TASK TO CARRY OUT | In the listing below, print exactly the lines between the line holding "Rebecca sucks the" and the line holding "A woman hand", inclusive, and no more.

*** AVAILABLE DATA

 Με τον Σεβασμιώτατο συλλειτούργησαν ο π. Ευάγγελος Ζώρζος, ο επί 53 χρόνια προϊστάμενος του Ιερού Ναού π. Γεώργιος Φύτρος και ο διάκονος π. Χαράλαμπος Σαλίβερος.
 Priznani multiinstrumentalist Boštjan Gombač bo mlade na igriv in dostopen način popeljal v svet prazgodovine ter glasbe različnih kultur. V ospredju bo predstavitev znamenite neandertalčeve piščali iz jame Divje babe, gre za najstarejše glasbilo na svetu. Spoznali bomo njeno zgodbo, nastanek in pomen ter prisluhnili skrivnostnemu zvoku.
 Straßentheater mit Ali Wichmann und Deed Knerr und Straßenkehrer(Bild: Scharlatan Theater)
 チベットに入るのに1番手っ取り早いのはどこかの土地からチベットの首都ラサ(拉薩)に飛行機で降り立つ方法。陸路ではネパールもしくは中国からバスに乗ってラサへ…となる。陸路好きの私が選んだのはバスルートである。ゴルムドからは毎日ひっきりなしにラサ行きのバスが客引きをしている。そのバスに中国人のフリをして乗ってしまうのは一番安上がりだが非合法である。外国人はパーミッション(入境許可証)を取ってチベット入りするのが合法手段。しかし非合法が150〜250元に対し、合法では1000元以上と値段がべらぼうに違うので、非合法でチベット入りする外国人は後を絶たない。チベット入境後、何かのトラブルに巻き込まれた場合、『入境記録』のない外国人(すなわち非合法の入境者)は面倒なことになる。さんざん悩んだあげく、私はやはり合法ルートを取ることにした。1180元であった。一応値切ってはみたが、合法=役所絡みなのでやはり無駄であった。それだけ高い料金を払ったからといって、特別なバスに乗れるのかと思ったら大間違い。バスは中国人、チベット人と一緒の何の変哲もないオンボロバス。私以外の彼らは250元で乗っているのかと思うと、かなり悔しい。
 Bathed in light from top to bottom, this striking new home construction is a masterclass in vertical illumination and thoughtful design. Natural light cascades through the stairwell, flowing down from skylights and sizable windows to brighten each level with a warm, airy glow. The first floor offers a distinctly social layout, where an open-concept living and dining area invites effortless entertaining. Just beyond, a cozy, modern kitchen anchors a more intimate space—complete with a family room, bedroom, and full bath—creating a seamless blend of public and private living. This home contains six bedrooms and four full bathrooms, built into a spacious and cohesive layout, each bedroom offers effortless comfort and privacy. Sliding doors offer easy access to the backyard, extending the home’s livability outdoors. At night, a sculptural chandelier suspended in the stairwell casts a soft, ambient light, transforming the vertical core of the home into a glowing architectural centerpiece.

******
*** AVAILABLE DATA

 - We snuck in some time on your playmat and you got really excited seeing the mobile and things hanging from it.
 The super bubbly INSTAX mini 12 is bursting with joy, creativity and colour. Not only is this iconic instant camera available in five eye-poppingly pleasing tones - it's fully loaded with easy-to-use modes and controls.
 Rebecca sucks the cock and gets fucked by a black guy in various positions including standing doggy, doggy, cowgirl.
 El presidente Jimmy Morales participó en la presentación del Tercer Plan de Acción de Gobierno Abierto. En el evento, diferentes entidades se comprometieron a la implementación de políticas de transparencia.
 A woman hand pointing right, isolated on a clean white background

******

TASK OUTPUT |
 Rebecca sucks the cock and gets fucked by a black guy in various positions including standing doggy, doggy, cowgirl.
 El presidente Jimmy Morales participó en la presentación del Tercer Plan de Acción de Gobierno Abierto. En el evento, diferentes entidades se comprometieron a la implementación de políticas de transparencia.
 A woman hand pointing right, isolated on a clean white background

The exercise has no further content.